Word for word, repeat the data that follows. Do not include the pictures.

---------- Dataset content ----------

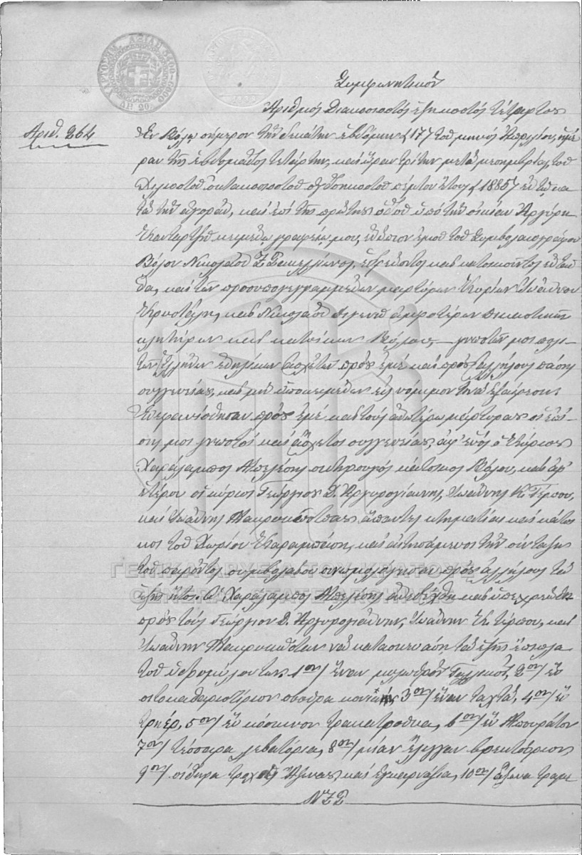 [Item] GRGSA-MAG_NOT004.02.F000001.IT000264 Item #264 - NIKOLAOS SAKELLION NOTARIAL ARCHIVE [17 Απριλίου 1885] Notarial deed. Agreement. |
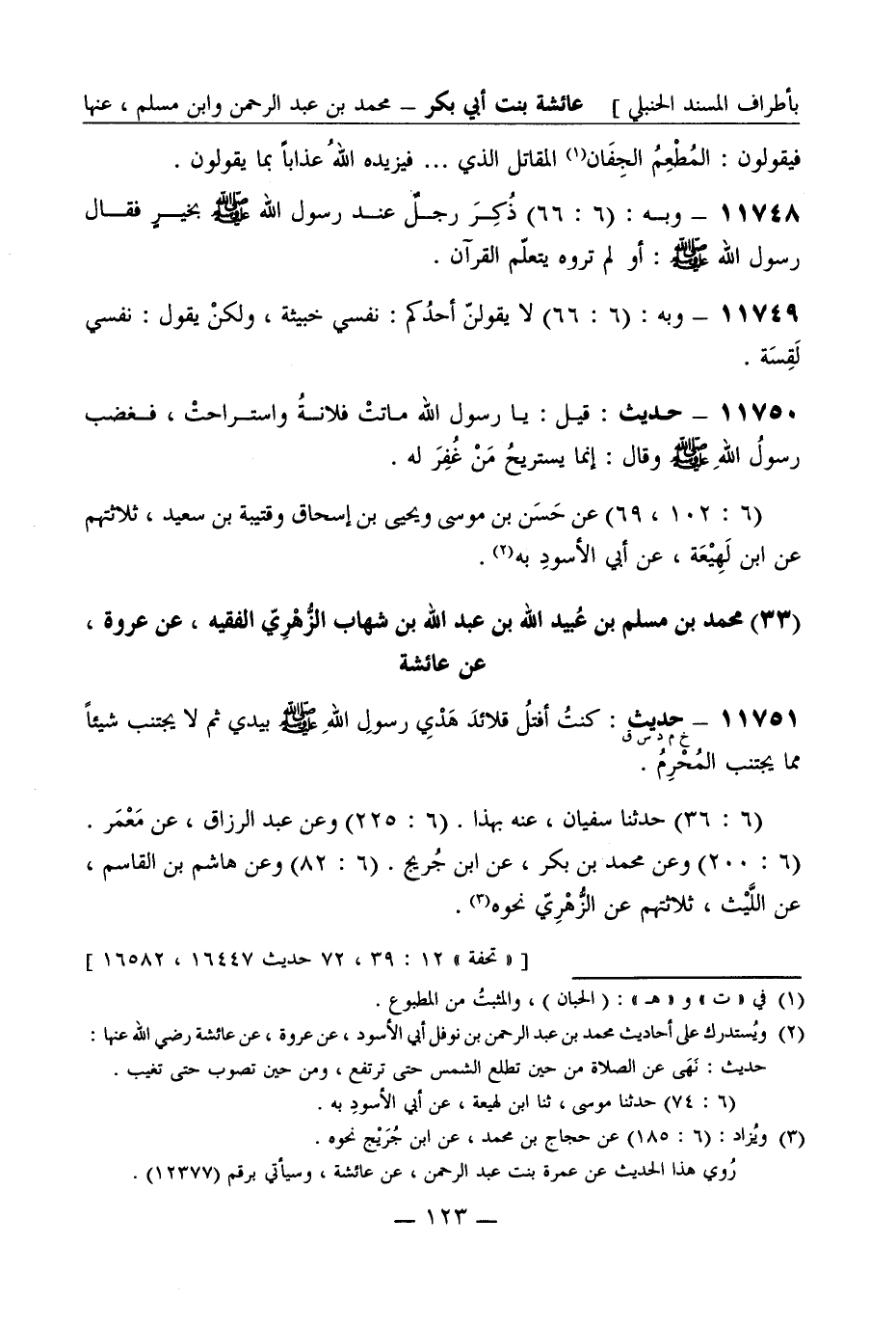 11750 - حديث قيل يا رسول الله ماتت فلانة واستراحت فغضب رسول الله صَلَّى اللَّهُ عَلَيْهِ وَسَلَّمَ وقال إنما يستريح من غفر له (6: 102، 69) عن حسن بن موسى ويحيى بن إسحاق وقتيبة بن سعيد، ثلاثتهم عن ابن لهيعة، عن أبي الأسود به. (33) محمد بن مسلم بن عبيد الله بن عبد الله بن شهاب الزهري الفقيه عن عروة عن عائشة
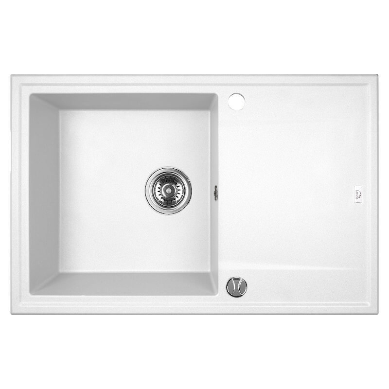 Laveo MEGALO csepptálcás fehér mosogató dugókiemelős helytakarékos szifonnal – SRE_611T

----------

**Exercise solution:**
 [Item] GRGSA-MAG_NOT004.02.F000001.IT000264 Item #264 - NIKOLAOS SAKELLION NOTARIAL ARCHIVE [17 Απριλίου 1885] Notarial deed. Agreement. |
 11750 - حديث قيل يا رسول الله ماتت فلانة واستراحت فغضب رسول الله صَلَّى اللَّهُ عَلَيْهِ وَسَلَّمَ وقال إنما يستريح من غفر له (6: 102، 69) عن حسن بن موسى ويحيى بن إسحاق وقتيبة بن سعيد، ثلاثتهم عن ابن لهيعة، عن أبي الأسود به. (33) محمد بن مسلم بن عبيد الله بن عبد الله بن شهاب الزهري الفقيه عن عروة عن عائشة
 Laveo MEGALO csepptálcás fehér mosogató dugókiemelős helytakarékos szifonnal – SRE_611T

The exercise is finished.